Pierce County Superior Court Judge Andre Penalver last year denied the city’s efforts to dismiss the case and subsequently denied its request that he reconsider his decision, court records show.
Buckley said she learned that a stretch of roadway including the intersection was being studied this year for potential improvements as part of the city’s Vision Zero initiative, which aims to eliminate traffic deaths and serious injuries by 2035. While Buckley credited the city for being more proactive in addressing traffic safety since 2018, instead of relying on citizen complaints, she said it was a “real shame” that the intersection at South 12th Street at South Puget Sound Avenue hadn’t been given proactive attention — via rectangular rapid flashing beacons, a marked crosswalk or otherwise.
After the crash, community members wrote to the city and made an effort to draw focus to the intersection, according to Buckley.
“I hope that does mean something to the city,” she said, adding later: “We don’t need to wait until a tragedy happens.
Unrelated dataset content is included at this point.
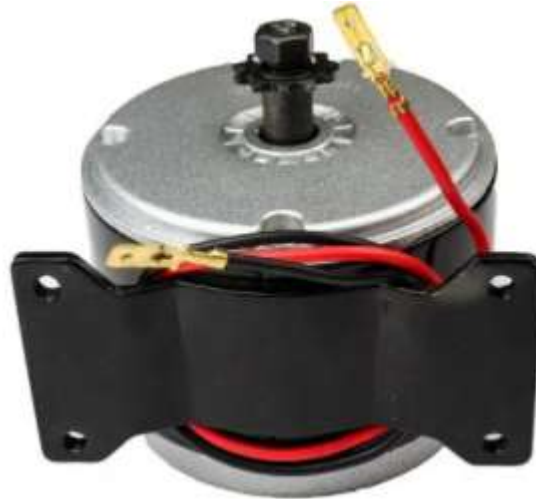
Fig 2. Motor

This DC motor is capable of rotation in either the clockwise or counter clockwise direction by just reversing the battery polarity to the motor and can be speed controlled.

And once the tragedy does happen, there should be swift action to remedy this.”
In 2023, Turner and her partner reached a $300,000 settlement with Turner’s insurer, American Family Insurance Company, arising out of a separate lawsuit filed over the crash, court records show. The city was initially named as a defendant in that case but then dismissed from it by the plaintiffs before the most recent suit was filed. Buckley said the insurer’s settlement was insufficient to cover damages.